Foreign Minister Shah Mehmood Qureshi made the statement at a news conference in Islamabad, a day after Pompeo’s first conversation with Khan. Qureshi said a State Department statement issued after the call was “contrary to the truth.”

“The impression that has been given in their press release, in which they are mentioning “terrorists operating in Pakistan,” is contrary to the facts with reality. And I am saying this with full confidence,” he noted.

Qureshi’s assertions have fueled the mystery surrounding Pompeo’s contentious conversation with Khan at a time when relations between the two nations, allied in the U.S. “war on terrorism,” are already low.

The U.S. readout of the call stated that Pompeo "raised the importance of Pakistan taking decisive action against all terrorists operating in Pakistan.”

State Department spokesperson Heather Nauert stood by the readout on Thursday while speaking to reporters hours after her Pakistani counterpart demanded on Twitter an immediate correction to what he dismissed as “the factually incorrect” U.S. statement.

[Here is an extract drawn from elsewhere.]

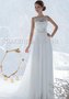 Шифоновое свадебное платье в греческом стиле с закрытой расшитым кружевом зоной декольте. На талии затейливая расшивка из жемчуга, бисера и пайеток. Спина наполовину закрыта легким прозрачным тюлем с расшивкой кружевом в зоне плечиков. Корсет на шнуровке.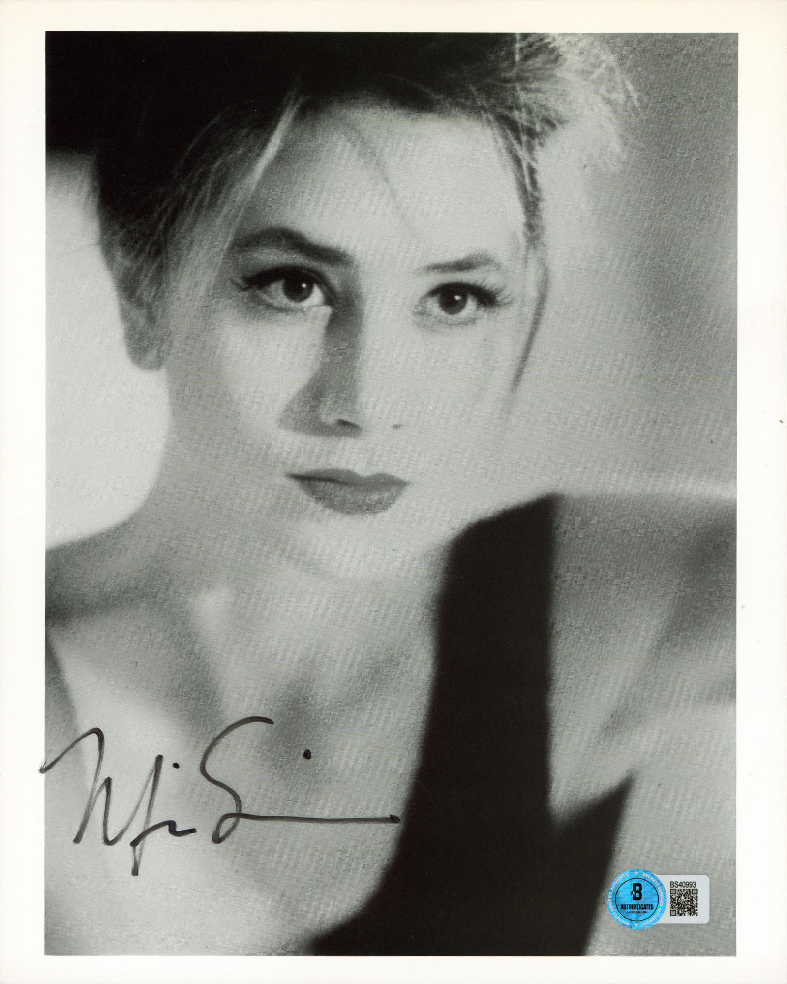 This Autographed Vertical 8x10 Photo has been Personally Signed by Mira Sorvino of Romy and Michele's High School Reunion. This item is 100% Authentic to include a hologram by Beckett Authentication Services. This item will come with an affixed Beckett Authentication Services (BAS) authentication sticker, which includes a scannable QR code to verify authenticity. Please note that Beckett no longer provides serial-numbered COA cards, and the attached BAS sticker will serve as the complete authentication for this item. The authenticity can be verified on Beckett Authentication Services website.

“They had a good call. That may surprise some of you, but they had a good call. Pakistan is an important partner to the United States. We hope to forge a good, productive working relationship with the new civilian government,” said Nauert.

U.S. Secretary of State Mike Pompeo and Pakistani Prime Minister Imran Khan are seen in a combination of file photos.
U.S. Secretary of State Mike Pompeo and Pakistani Prime Minister Imran Khan are seen in a combination of file photos.

Qureshi generally echoed Nauert's reading of the overall discussion, saying Pompeo sought a productive bilateral relationship.

“The conversation between the secretary of state and the prime minister of Pakistan, you will be surprised to know...was a very good conversation. Not only that he felicitated the prime minister, but expressed his desire to seek a constructive engagement with the new (Pakistani) government.”

U.S. President Donald Trump has suspended all military assistance to Pakistan for not doing enough to prevent terrorist attacks on U.S. forces in Afghanistan. Pakistan rejects the accusation, calling it an attempt to divert attention from U.S. failures in the war-shattered neighboring country.

Pakistan's persistent tensions with the U.S. in recent years have encouraged China to deepen ties with its traditional ally, while Russia is also enhancing and expanding relations with its former rival South Asian country.

Pompeo is due to visit Pakistan early next month and Qureshi said he looks forward to the early engagement and interaction with his U.S. counterpart for regional peace and stability, saying he believed they “will prove beneficial.”

The Pakistani foreign minister said Pakistan's "strained ties" with the U.S. have seen highs and lows and that the new government is determined to work to improve the relationship. Qureshi stopped short of telling Washington his country has found new allies, although he did not name China or Russia.

“Realignments have taken place and we need to understand those realignments. Pakistan is no longer the darling of the West as it used to be,” Qureshi noted.